Love to all that take the time to read my thoughts! January 06 Try a little tenderness...For a few weeks now I've been feeling a bit emotional. Sensitive to things people say...or don't say. Irritable. Even nauseous under the right (or rather wrong) stress conditions. I figured it was just a combination of the holidays and inability to navigate out of the friend zone forest. But I think there's much more of a physiological reason behind it. I realized yesterday that I've got a few tender spots again. This happens at least once a year. You may remember last year that I panicked a bit and made sure through all sorts of scans that I didn't have cancer. Eventually, the tenderness wore off. The swelling went down.

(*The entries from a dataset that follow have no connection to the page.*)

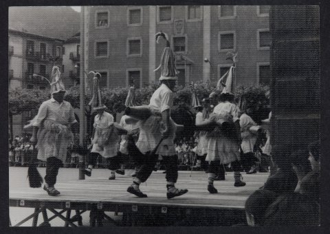 Zubietako "zanpantzarrak" oholtza baten gainean daude, plaza batean, dantzan.
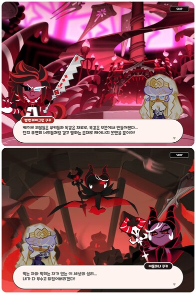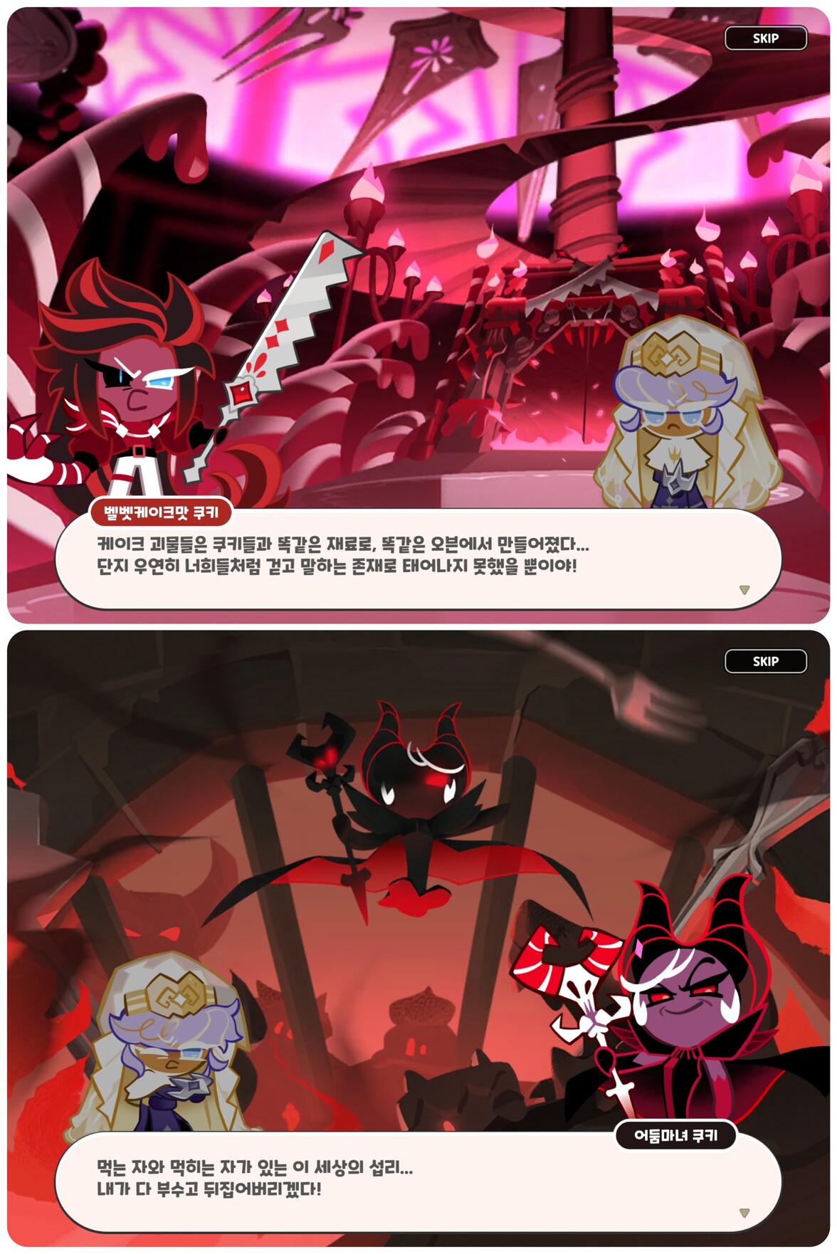 혼돈의 케이크 타워 스토리를 보고 있는데 벨벳케이크맛 쿠키가 너무 스윗하다. #쿠킹덤
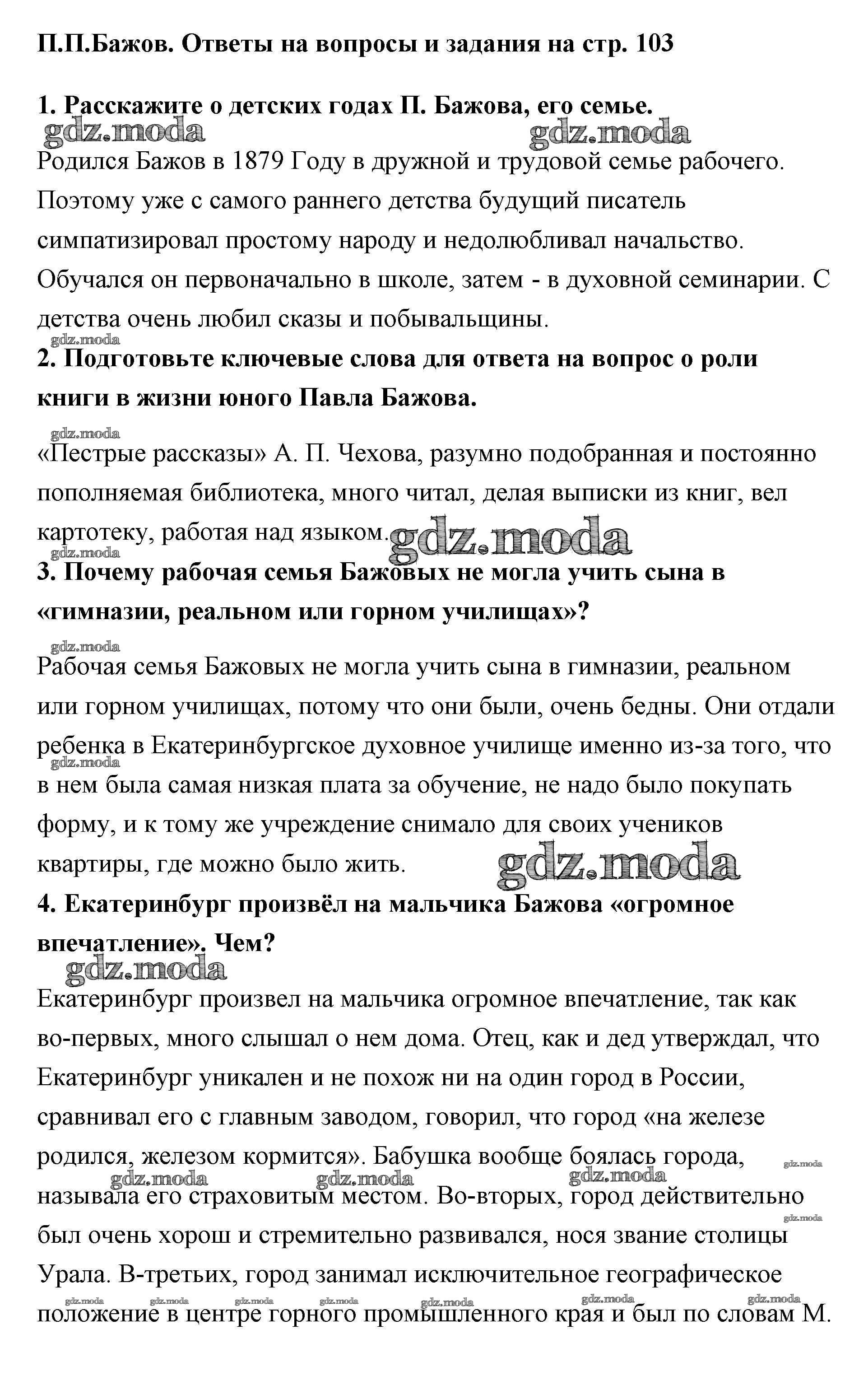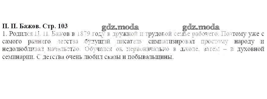 ОТВЕТ на задание № 103 Учебник по Литературе 5 класс Меркин Инновационная школа

I'm much less worried now...so if you see me crying over Hallmark commercials and/or saying things like "Well, if you don't know what you did wrong, than I'm certainly not gonna tell you!" or "I don't want you to do it because I told you to do it, I want your to want to do it!" don't be too concerned. This too shall pass. January 05 If every instinct you have is wrong...I'm reminded this morning of one of my favorite shows...Seinfeld. Ckassic episodes. Classic quotes. One in particular appeared in the episode "The Opposite" (5/19/1994 - Season 5, Episode 25)...

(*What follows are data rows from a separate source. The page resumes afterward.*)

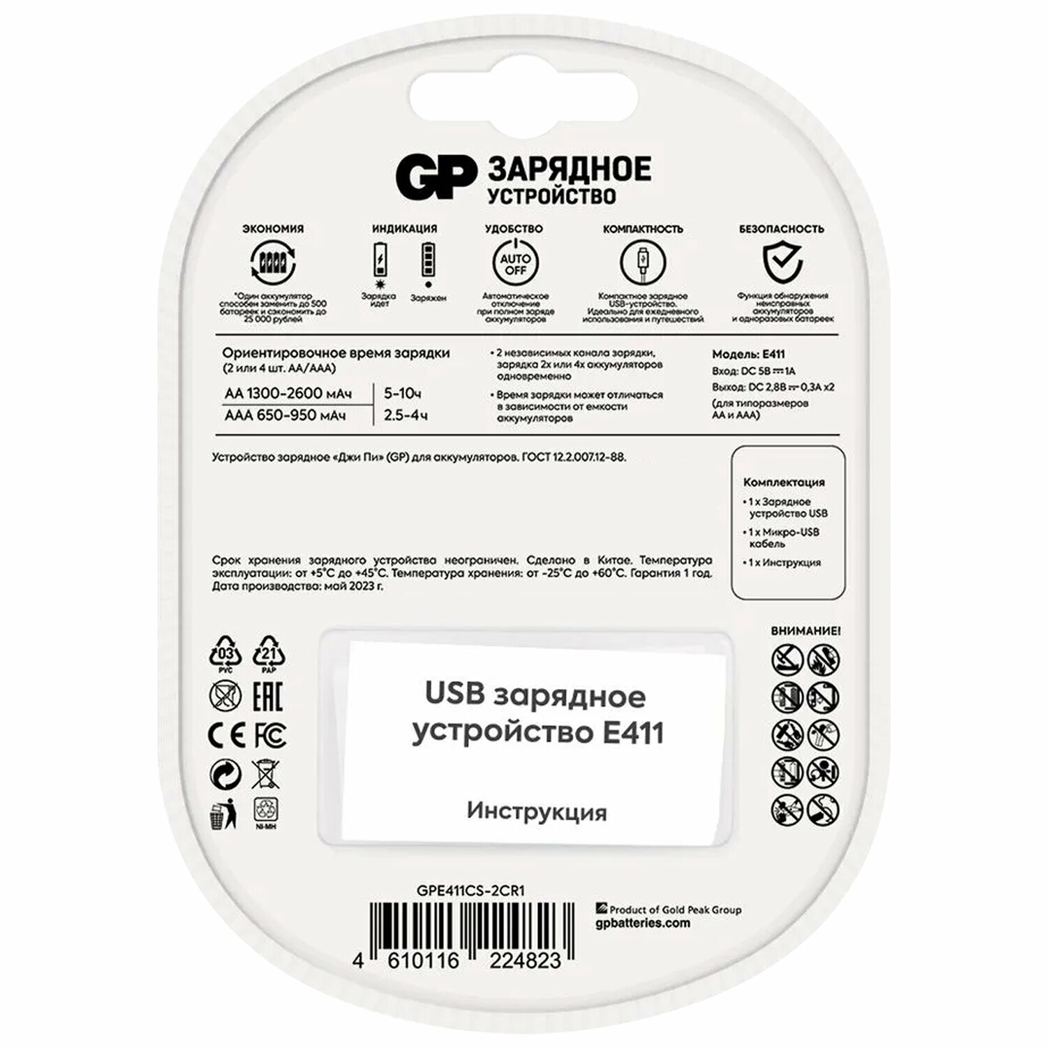 Зарядное устройство для батареек GP Rechargeable GP Е411/210AAHCCS-2CR1
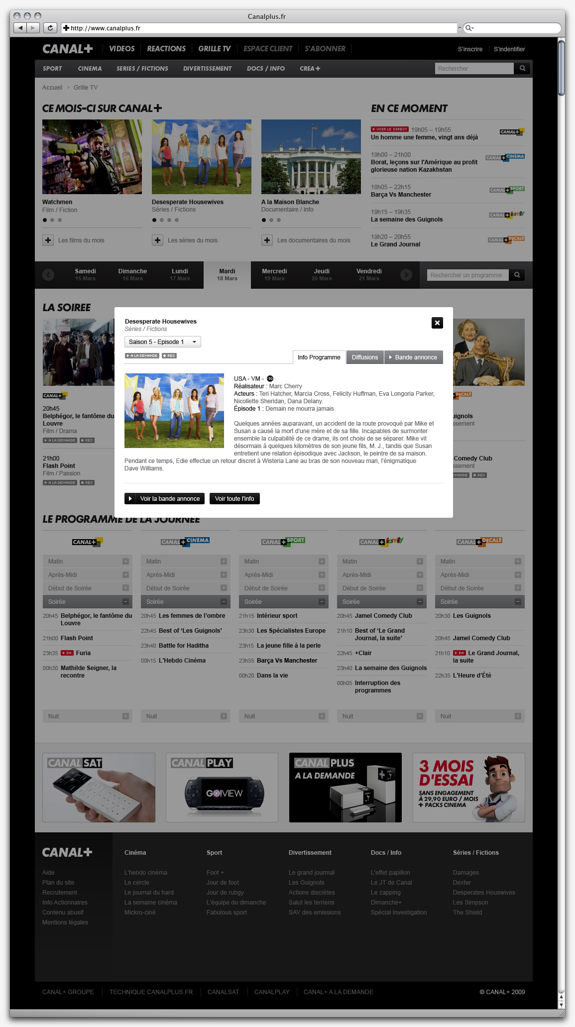 Website redesign for Canal+ France in collaboration with Area17 Paris.
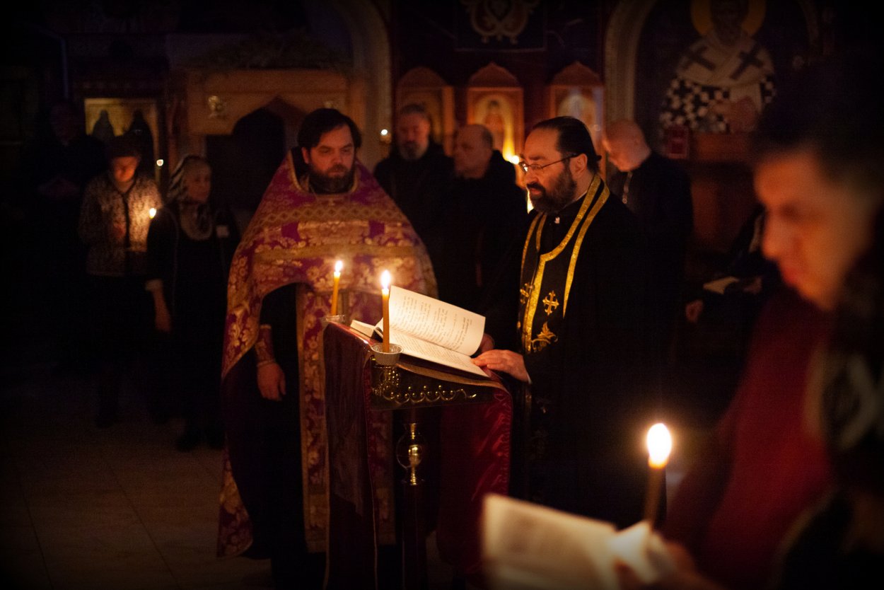 Богослужения Великого повечерия и чтение Великого канона возглавляет настоятель подворья, иеромонах Давид (Алексеев) , в сослужении иерея Георгия Прокофьева .

Below is George's opening remarks concerning his epiphany...and a link to the episode's full script. Quite entertaining!!
You might be asking yourself..."What's your point?" Well, here in the friend zone, it seems apparent to me that my "instincts" tend to guide me here. Quicksand. Rip tides. The more you listen to your instincts to fight, the worse off you are. The key is to relax, save your stength & have faith that the current will eventually guide you into calmer waters. December 31 Happy Politically Incorrect New YearAll due respect to Monty Python, every Day is sacred, but the last day of any year should be celebrated and cherished! I'm not sure why this particular "last day" is special other than its overabundance for College Football. But today, I picked a fight with my supervisor over the headline "Happy New Year" -- which I had posted on our "monthly" bulletin board.

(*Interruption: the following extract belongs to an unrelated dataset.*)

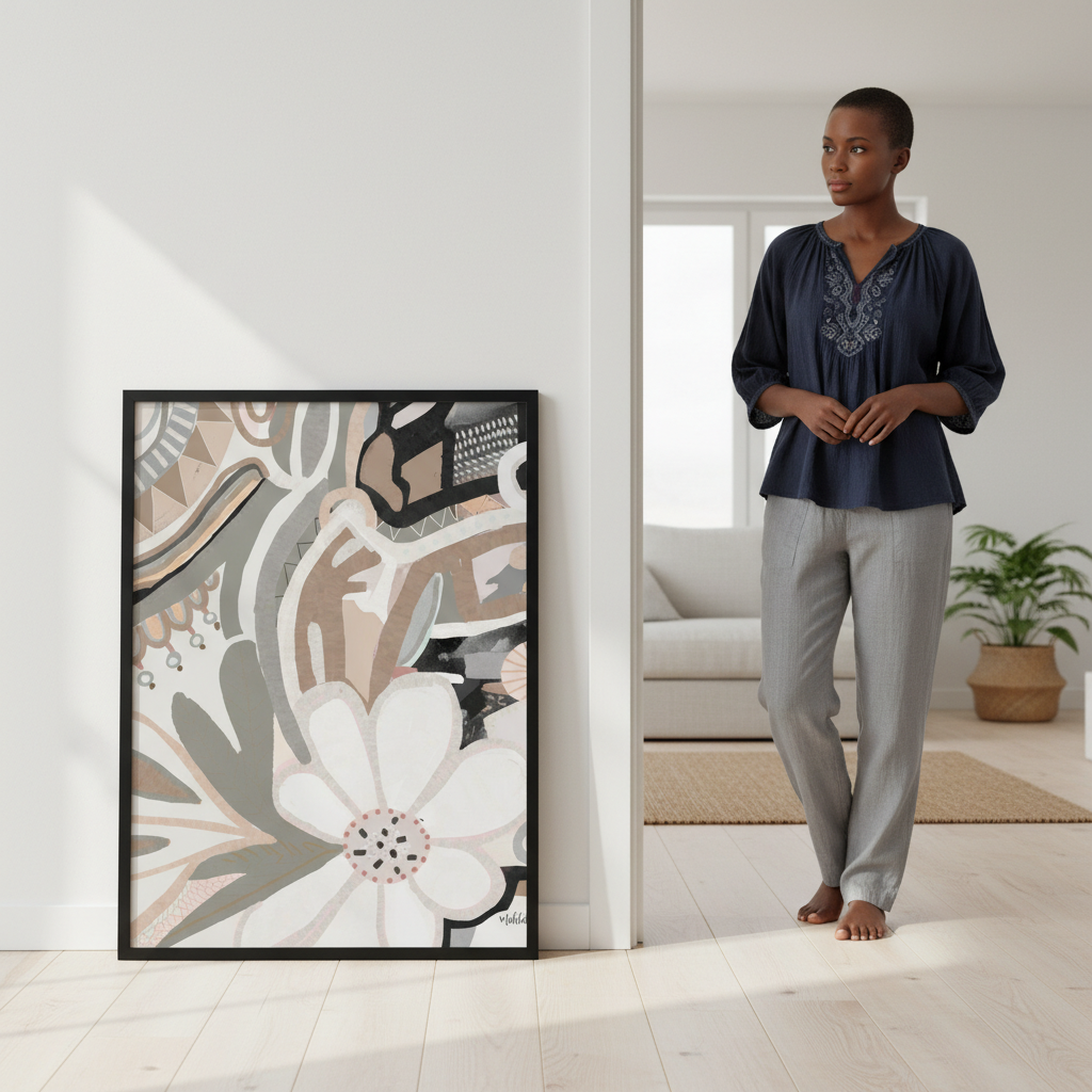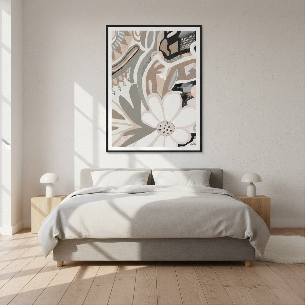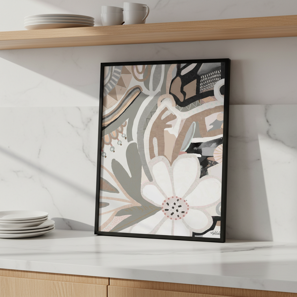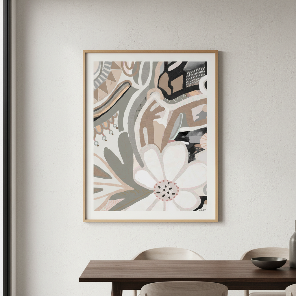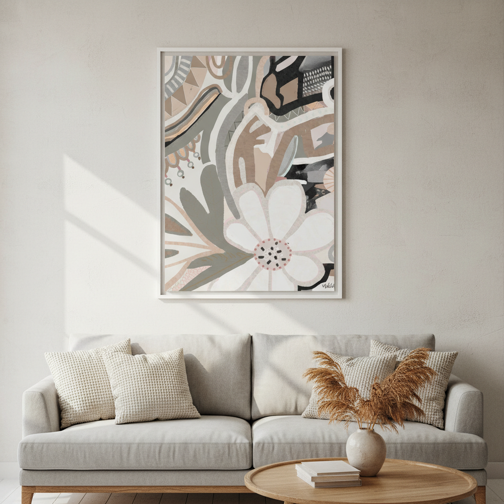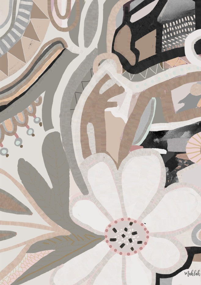 Polly Earth Flower showcases an intricate floral and abstract composition, featuring a striking white bloom at its centre surrounded by layered botanical and geometric elements. This sophisticated design by Inkheart Designs combines natural inspiration with contemporary artistry, creating a versatile piece that complements modern and eclectic interiors. The detailed pattern draws the eye inward, making it an ideal focal point for any room seeking visual depth and artistic character.

Every month a member of our team is charged with developing that month's board (located on our software/website). We find or create an image that says "January" or the month in question. But, finding none to my satisfaction, I went with a decorative "Happy New Year." For 3 days between the day after Christmas and Friday, I developed with a sense of passion & pride that is scarce in our parts...or at least in my heart...these days. Conformity is a way of life. And to tell you the truth, I like conformity most days. For a long time, new or creative ideas have come to my brain to die. So, albeit sadly, when the idea to title the board "Happy New Year" instead of "January" came to me...I kinda thought of it as a stroke of genius. When the idea hit our test environment on Friday, my commrads - well, at least they didn't start a crusade to overthrow me. Of course, my entire management staff has been on vacation, so no one remarked negatively about it until 7am this morning. My supervisor wanted it to say "January." She liked the image, she just didn't like it being the "title."
The only reasoning she gave was basically, "it always says the month." I can't quite figure out why this struck me so personally...except that everything I do, has a problem with it. I can't remember the last thing I did that made her shut her mouth. They aren't "suggestions" if you freaking make me do it. Seriously.
So I thought, maybe it was "too politically incorrect" - since January 1st marks the Julian/Gregorian calendar's New Year, which is based on Christianity. Most every major religion and/or culture celebrates it's own "new year" -- but they all have their own months NOT CALLED JANUARY!!! My more politically-conservative friends and family should get a kick out of this.
I really needed to get that out there before I go out tonight...for my sake and my friend's sake. Gotta put on my happy pants! December 26 The In-Between Week{sigh} Finally a night to vegitate. Christmas week can get so crazy! Loved the time with the family...although, sometimes I wonder which give me a bigger headache -- 2 boys under the age of 4 or my mom and sister. At least my brothers were headache free this year!! Can't complain though, I love them all to death. Might trade them for a little while, but I guess I'll keep them.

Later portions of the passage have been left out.